_Material to process_

------------------------------------------------------------

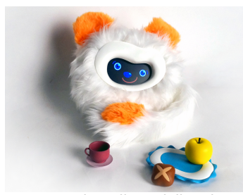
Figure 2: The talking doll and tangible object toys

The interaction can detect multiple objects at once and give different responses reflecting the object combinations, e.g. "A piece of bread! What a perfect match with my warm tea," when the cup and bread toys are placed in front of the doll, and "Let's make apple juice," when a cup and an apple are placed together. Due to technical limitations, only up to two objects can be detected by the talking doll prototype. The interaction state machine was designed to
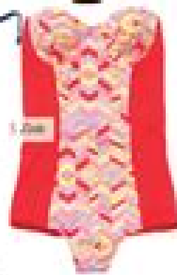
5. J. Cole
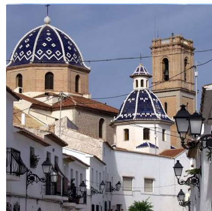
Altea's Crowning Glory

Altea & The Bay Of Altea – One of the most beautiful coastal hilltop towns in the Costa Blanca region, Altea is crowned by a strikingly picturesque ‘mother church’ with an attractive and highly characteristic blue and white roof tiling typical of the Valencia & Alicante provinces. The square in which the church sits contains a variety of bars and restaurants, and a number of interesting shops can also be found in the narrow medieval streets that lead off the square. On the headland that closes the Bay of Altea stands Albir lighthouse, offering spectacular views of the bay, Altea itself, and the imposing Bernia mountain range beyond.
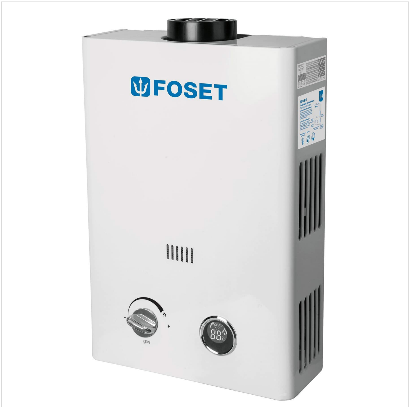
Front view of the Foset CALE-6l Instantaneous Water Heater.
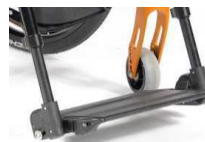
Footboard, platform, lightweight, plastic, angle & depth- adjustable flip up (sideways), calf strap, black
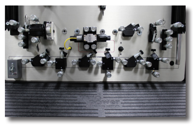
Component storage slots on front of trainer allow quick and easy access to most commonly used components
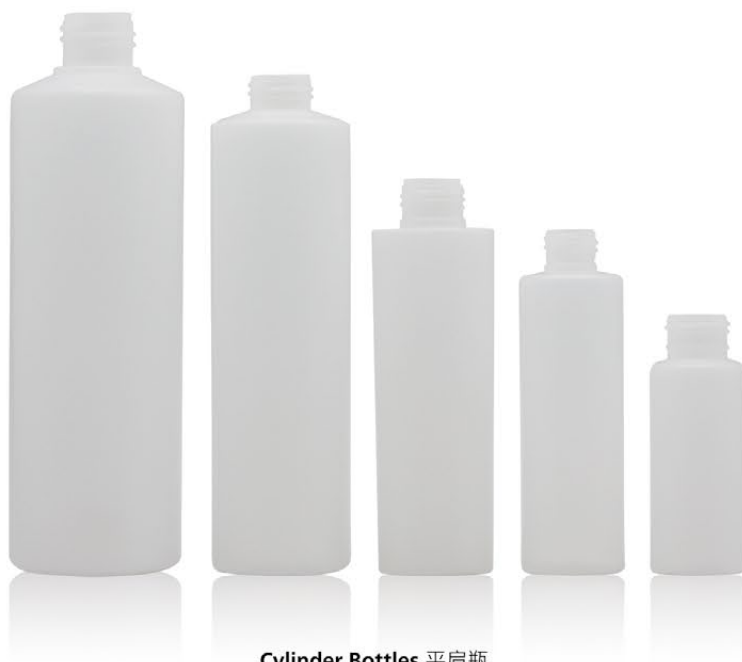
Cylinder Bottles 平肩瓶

------------------------------------------------------------

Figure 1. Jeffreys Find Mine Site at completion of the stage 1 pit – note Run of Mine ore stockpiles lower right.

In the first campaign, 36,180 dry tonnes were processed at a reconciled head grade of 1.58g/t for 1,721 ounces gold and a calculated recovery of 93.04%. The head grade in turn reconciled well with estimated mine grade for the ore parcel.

------------------------------------------------------------

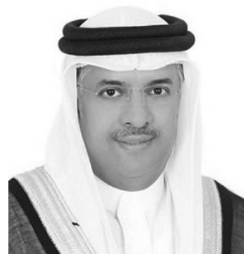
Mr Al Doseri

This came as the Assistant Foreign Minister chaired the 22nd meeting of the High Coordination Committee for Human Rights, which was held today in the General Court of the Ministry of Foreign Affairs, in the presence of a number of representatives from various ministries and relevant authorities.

------------------------------------------------------------

_Required action_
In the listing above, find the line holding "Mr Al Doseri" and the line holding "This came as", then output those two lines and every line between them exactly.

_Reply to the exercise_
Mr Al Doseri

This came as the Assistant Foreign Minister chaired the 22nd meeting of the High Coordination Committee for Human Rights, which was held today in the General Court of the Ministry of Foreign Affairs, in the presence of a number of representatives from various ministries and relevant authorities.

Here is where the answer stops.